__What to work on__
From the data below, return only the lines from the one with "Experten stellen den" through the one with "Periclimenes imperator , garnaal", exact and inclusive, with pictures left out.
Information given START
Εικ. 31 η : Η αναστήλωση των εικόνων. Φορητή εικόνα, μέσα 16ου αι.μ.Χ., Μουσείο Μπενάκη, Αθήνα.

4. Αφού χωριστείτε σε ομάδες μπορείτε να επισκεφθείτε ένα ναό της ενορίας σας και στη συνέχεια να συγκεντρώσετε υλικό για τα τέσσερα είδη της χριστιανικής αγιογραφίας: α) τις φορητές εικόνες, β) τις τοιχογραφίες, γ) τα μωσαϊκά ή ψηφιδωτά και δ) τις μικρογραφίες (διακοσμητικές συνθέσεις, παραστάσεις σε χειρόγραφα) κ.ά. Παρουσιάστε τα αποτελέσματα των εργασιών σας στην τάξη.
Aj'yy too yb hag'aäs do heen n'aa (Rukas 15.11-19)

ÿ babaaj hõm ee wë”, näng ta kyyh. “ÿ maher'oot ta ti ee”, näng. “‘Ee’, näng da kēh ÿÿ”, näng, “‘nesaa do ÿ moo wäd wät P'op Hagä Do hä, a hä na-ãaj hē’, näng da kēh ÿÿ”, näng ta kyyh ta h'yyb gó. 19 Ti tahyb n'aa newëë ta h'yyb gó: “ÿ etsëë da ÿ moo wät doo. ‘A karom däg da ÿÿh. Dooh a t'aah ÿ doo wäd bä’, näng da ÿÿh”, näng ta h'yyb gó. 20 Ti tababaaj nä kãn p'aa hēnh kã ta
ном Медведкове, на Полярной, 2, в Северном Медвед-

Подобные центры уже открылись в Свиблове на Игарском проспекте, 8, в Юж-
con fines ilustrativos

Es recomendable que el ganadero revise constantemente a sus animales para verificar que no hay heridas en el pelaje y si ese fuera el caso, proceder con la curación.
Information given END
Information given START
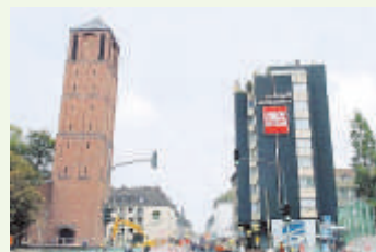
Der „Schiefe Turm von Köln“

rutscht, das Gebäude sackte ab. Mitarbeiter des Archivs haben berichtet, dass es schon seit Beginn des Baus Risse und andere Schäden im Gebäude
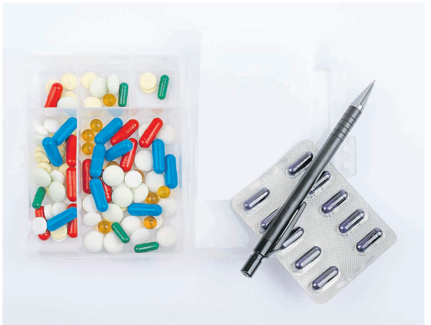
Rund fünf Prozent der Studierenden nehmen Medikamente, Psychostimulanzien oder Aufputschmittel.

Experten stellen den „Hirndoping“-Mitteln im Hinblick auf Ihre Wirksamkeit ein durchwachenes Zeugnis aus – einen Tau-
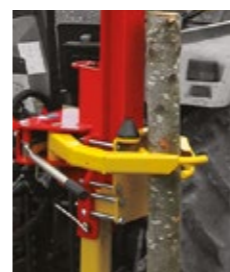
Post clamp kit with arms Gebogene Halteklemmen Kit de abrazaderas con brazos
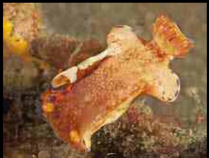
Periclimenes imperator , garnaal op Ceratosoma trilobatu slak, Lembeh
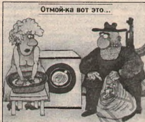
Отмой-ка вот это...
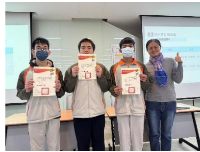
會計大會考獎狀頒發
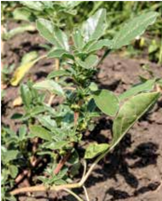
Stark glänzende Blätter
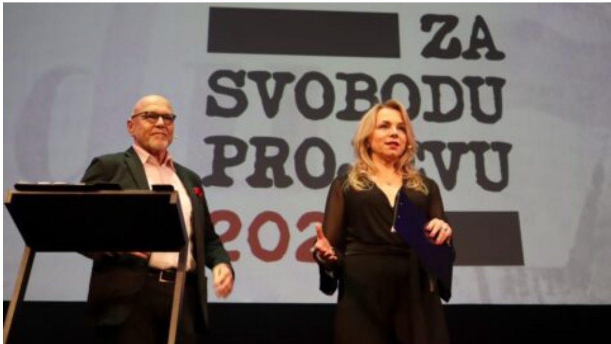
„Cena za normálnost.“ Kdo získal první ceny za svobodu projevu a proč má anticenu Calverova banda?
Information given END
Information given START
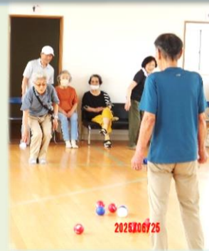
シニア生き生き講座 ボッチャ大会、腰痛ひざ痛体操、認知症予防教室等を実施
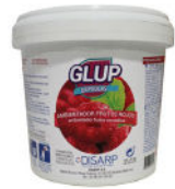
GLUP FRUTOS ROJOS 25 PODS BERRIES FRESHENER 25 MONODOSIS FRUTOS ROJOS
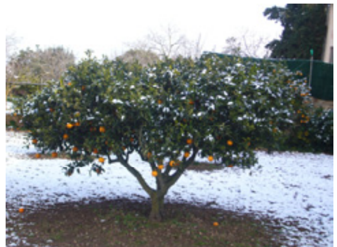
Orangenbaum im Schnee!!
Information given END
__Answer to the exercise__
Experten stellen den „Hirndoping“-Mitteln im Hinblick auf Ihre Wirksamkeit ein durchwachenes Zeugnis aus – einen Tau-
Post clamp kit with arms Gebogene Halteklemmen Kit de abrazaderas con brazos
Periclimenes imperator , garnaal op Ceratosoma trilobatu slak, Lembeh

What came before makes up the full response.